# 38 Years - Trials, Tribulations and Love



## BootsAndJeans

I am posting this here, because ultimately, we have had and do have a successful marriage. This is not to say life has been roses every day. We have had our issues, but have overcome them. She came from a stable family, I came from a broken and dysfunctional home and had (probably still have) abandonment issues because of it.

I met her in high school, when I was a senior. I attended college in our hometown and we married the summer after she graduated. After marriage, I accepted a scholarship at a larger university in a larger city and we moved there. I went to school and worked part time, she got a job at a car dealership. Overall, I was doing ok in school and in our marriage for about 8 months. My wife, who by this time was 18 and I was 20, started talking non-stop about this "wonderful" sales manager at her job, how smart, charming, etc. that he was. Being young and not mature, I blew up at her and got jealous. She cried and stopped mentioning him. A few days or weeks later, I honestly cannot remember exactly from 37 years ago, one of the women she worked with, came to where I worked one afternoon and warned me about this guy. That if my wife was not cheating with him, she was seriously infatuated with him and that he had a reputation and history as what would now be described as a player. I decribe this as "the incident'".
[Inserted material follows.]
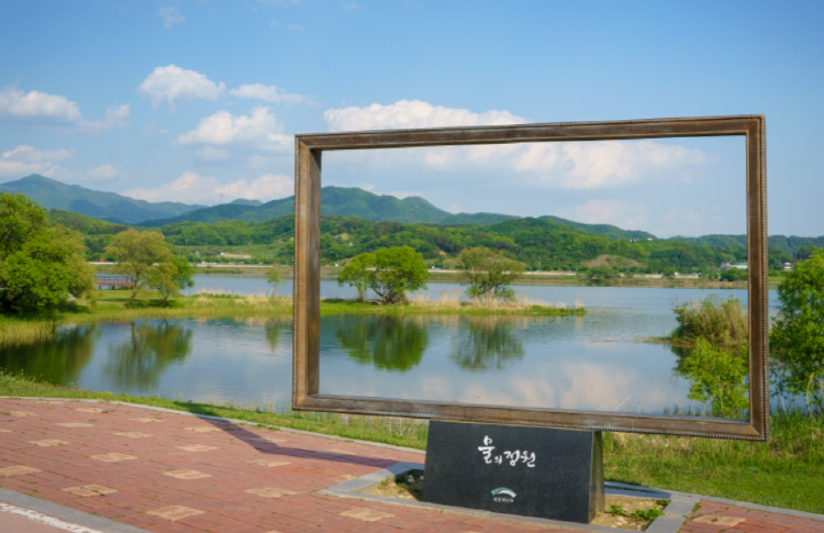 물의정원을 걷다 보면 뱃아들이교에 도착하는데요. 이곳은 물의정원을 상징하는 곳이자 과거에 배가 드나들던 자리라고 합니다. 뱃나들이교 앞에는 액자모양의 포토존도 마련되어 있습니다.

Due to me being very young, not confident and my abandonment issues, instead of addressing this with her, I panicked. I immediately dropped out of school and told her we were moving back to our hometown. We moved back and went on with our lives. To this day, I have never brought this incident up with her again. Frankly, whether she had a love affiar with his guy or was just infatuated with him is a moot point. In the intervening years, I joined the military and we raised two amazing children. Twice, "the incident" really bothered me and I reacted badly to it, badly enough to almost destroy our marriage and family.

The first time was after our first child was born. My wife became totally focused on our child, beyond what is normal. She cut me out completely, in every way. She took care of him, she did not want my help and she withdrew affection from me. In retrospect, I really wish there had been pre-parental counseling of some sort. Anyway, about 10 months after he was born, Iraq invaded Kuwait and I volunteered to deploy. I volunteered for every combat mission I could, I really had no desire to continue living as I had been. Obviously, I survived. When this happened, my abandonment issue and of her withdrawing from me caused "the incident" to really bother me. When I got back, I told her I would not live like this anymore and we found counseling.

The second event was in the late 1990's. I was out of active duty by this time and we were raising our still small children. For whatever reason, she withdrew sexually and emotionally from me and I from her. I also had employment issues around this time, and my abandonment issue caused "the incident" to really effect me. I decided again, that we needed to start again. Her and the kids moved in with my parents and I left the state to try and find a job somewhere else on the West Coast. Again, I felt my life was in free-fall and did not want to live anymore. One night, I found myself at a scenic overlook in the Sierra Nevada mountains and was going to jump off a cliff. Something in my mind told me there was something wrong. I drove to the nearest VA hospital and checked myself in. Turned out I had a chemical imbalance, plus PTSD, which was mostly caused by war time stuff.

Since then, I have established a successful civilian career and our children have graduated from college and started their own lives. I have really focused on dealing with my own mental issues. This year, I was diagnosed with renal cancer and had surgery ( I am cancer free) . My surgeon told me that the tumor probably started 8 - 12 years ago. In the last 10 years, my wife and I had only been intimate once. The cancer and subsidiary effects really effected me, I felt like crap but did not know why. I was constantly fatigued, my sex drive died, I gained weight, etc.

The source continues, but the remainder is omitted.